**REQUIREMENT:**
Write the lines below out exactly, dropping each picture.

**INFORMATION SHOWN:**
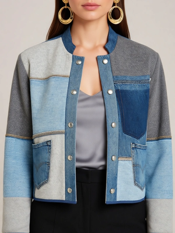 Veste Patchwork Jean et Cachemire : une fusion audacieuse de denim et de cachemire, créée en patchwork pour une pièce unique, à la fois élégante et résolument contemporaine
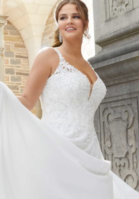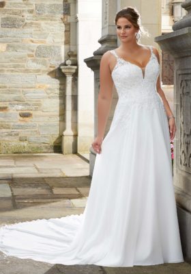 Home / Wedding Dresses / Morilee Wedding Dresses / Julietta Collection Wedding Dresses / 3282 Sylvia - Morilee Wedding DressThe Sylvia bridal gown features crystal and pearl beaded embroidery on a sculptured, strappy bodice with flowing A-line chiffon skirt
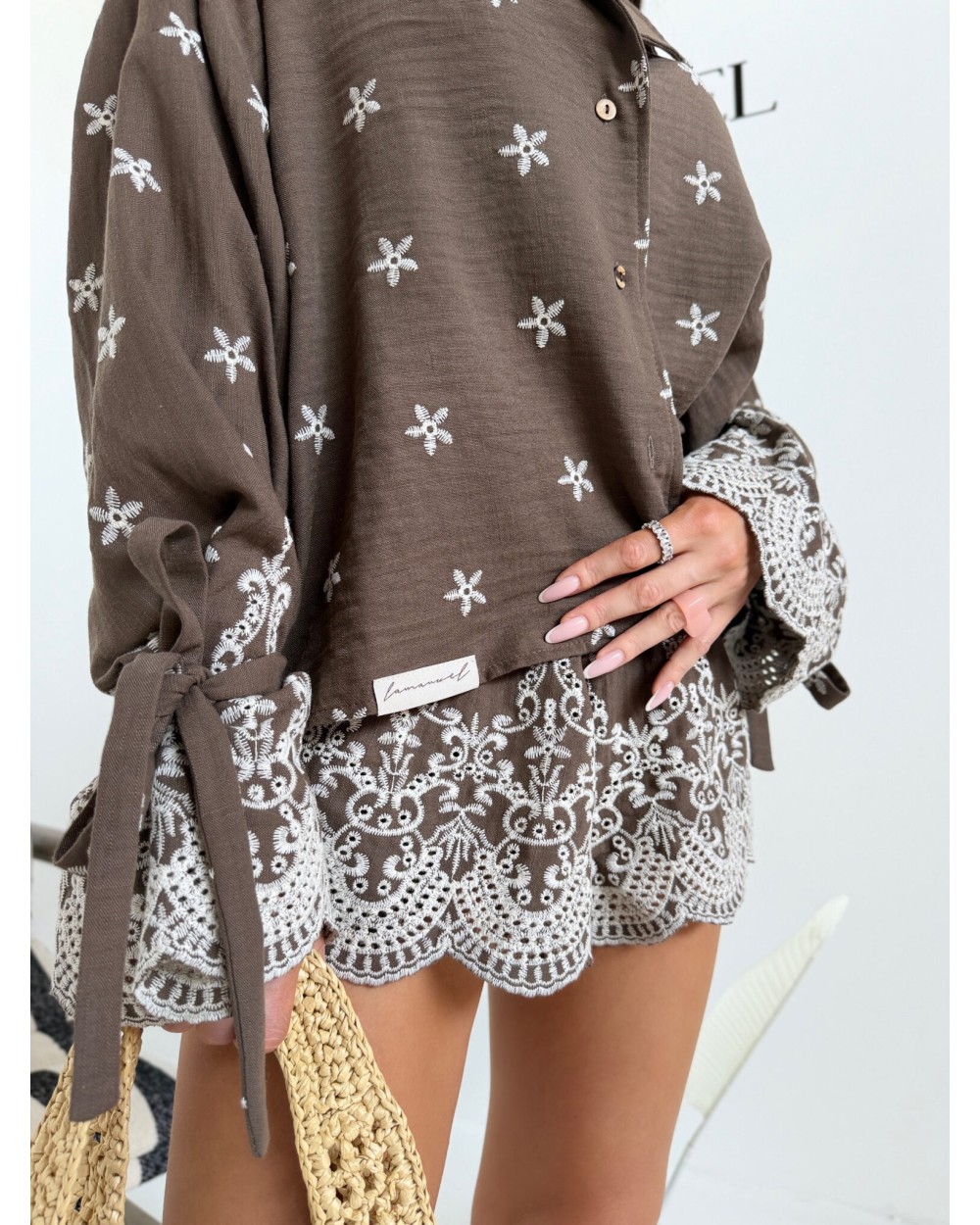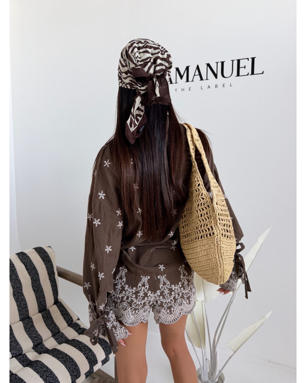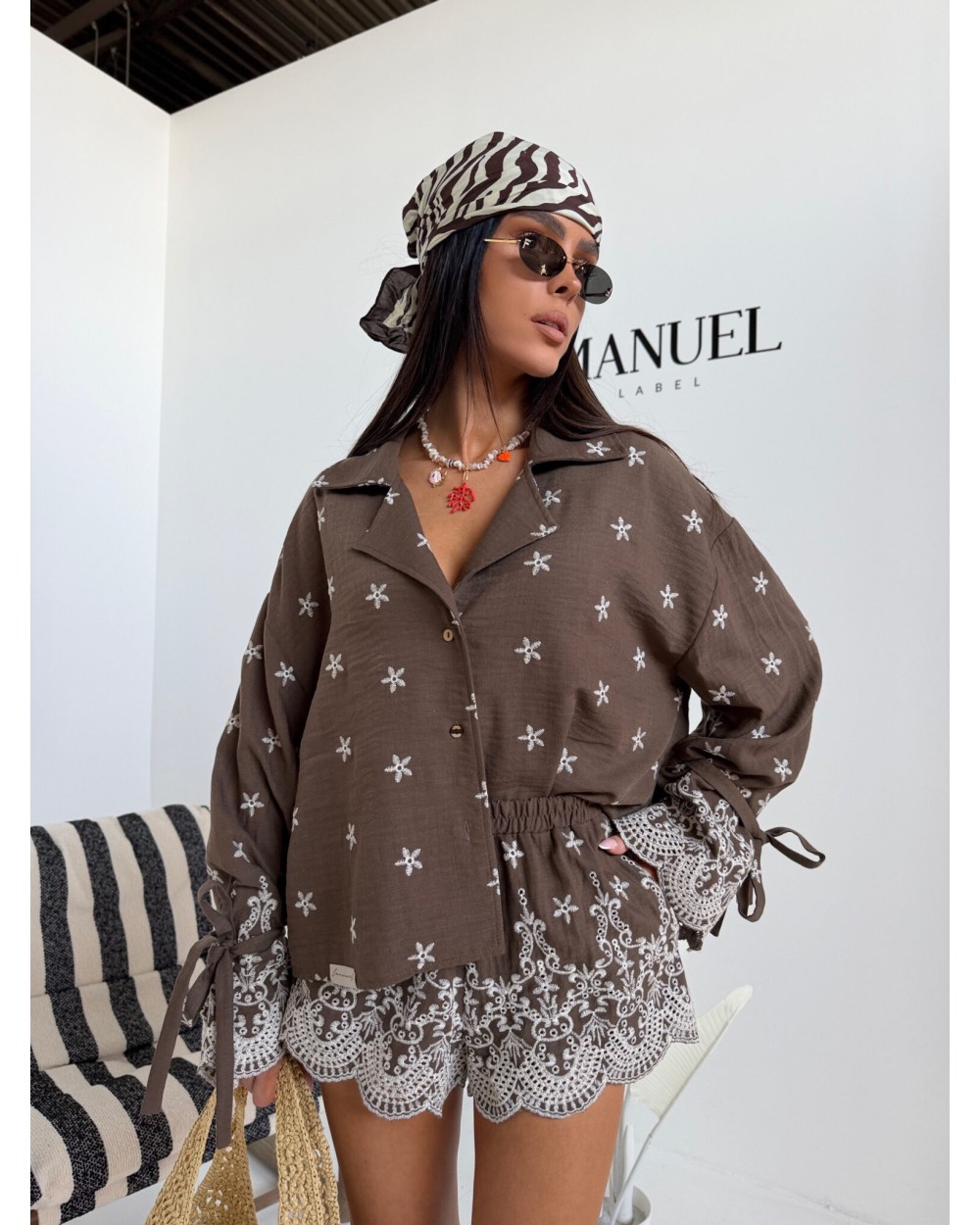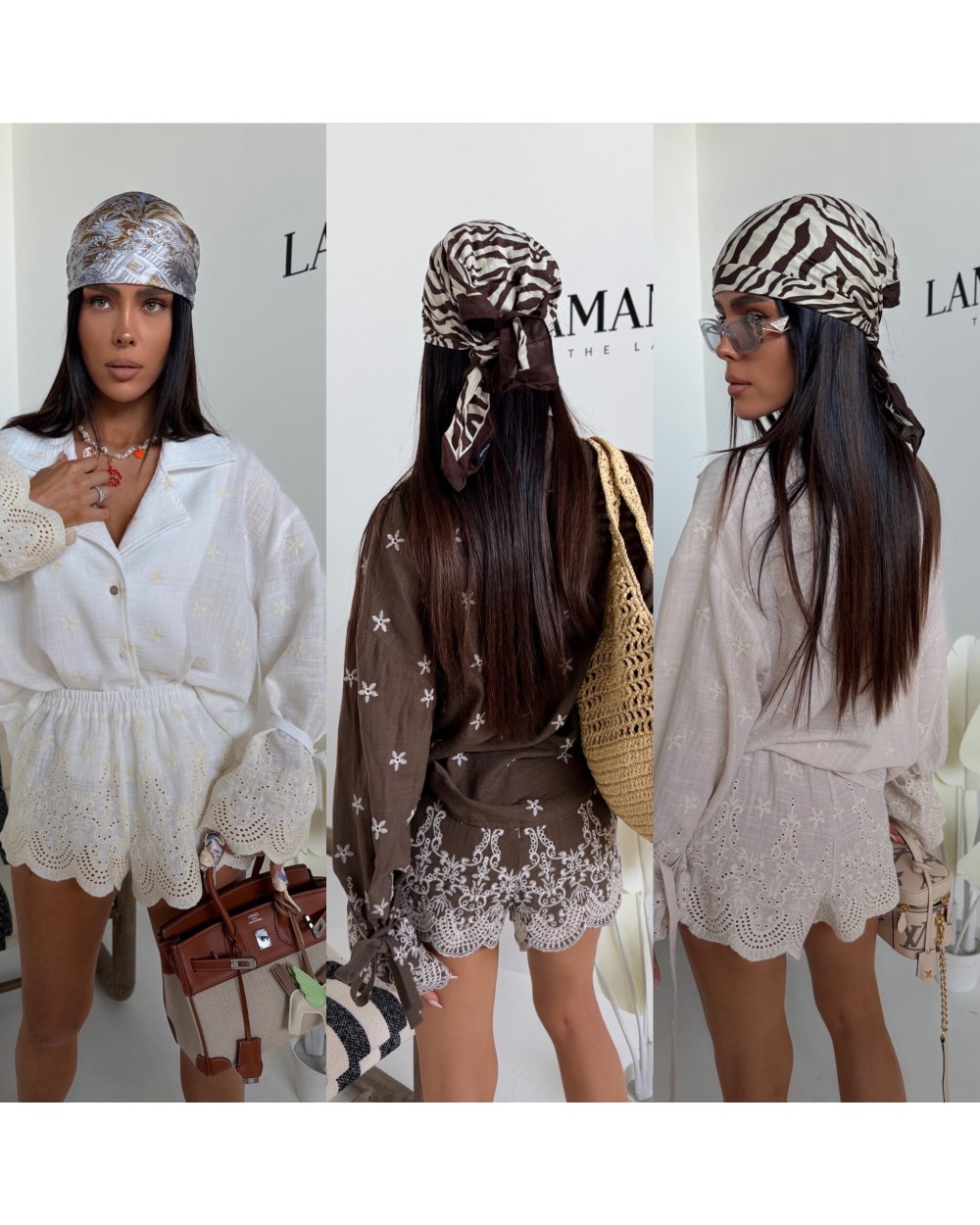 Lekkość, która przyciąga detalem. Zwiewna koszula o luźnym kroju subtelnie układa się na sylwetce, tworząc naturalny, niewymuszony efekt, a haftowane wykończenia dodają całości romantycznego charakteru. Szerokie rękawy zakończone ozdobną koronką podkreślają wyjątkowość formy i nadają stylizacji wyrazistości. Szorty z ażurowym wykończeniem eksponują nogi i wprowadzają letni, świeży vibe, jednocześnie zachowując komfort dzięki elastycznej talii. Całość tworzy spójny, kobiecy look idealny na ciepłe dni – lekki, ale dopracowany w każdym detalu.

**ANSWER FOR THE TASK:**
 Veste Patchwork Jean et Cachemire : une fusion audacieuse de denim et de cachemire, créée en patchwork pour une pièce unique, à la fois élégante et résolument contemporaine
 Home / Wedding Dresses / Morilee Wedding Dresses / Julietta Collection Wedding Dresses / 3282 Sylvia - Morilee Wedding DressThe Sylvia bridal gown features crystal and pearl beaded embroidery on a sculptured, strappy bodice with flowing A-line chiffon skirt
 Lekkość, która przyciąga detalem. Zwiewna koszula o luźnym kroju subtelnie układa się na sylwetce, tworząc naturalny, niewymuszony efekt, a haftowane wykończenia dodają całości romantycznego charakteru. Szerokie rękawy zakończone ozdobną koronką podkreślają wyjątkowość formy i nadają stylizacji wyrazistości. Szorty z ażurowym wykończeniem eksponują nogi i wprowadzają letni, świeży vibe, jednocześnie zachowując komfort dzięki elastycznej talii. Całość tworzy spójny, kobiecy look idealny na ciepłe dni – lekki, ale dopracowany w każdym detalu.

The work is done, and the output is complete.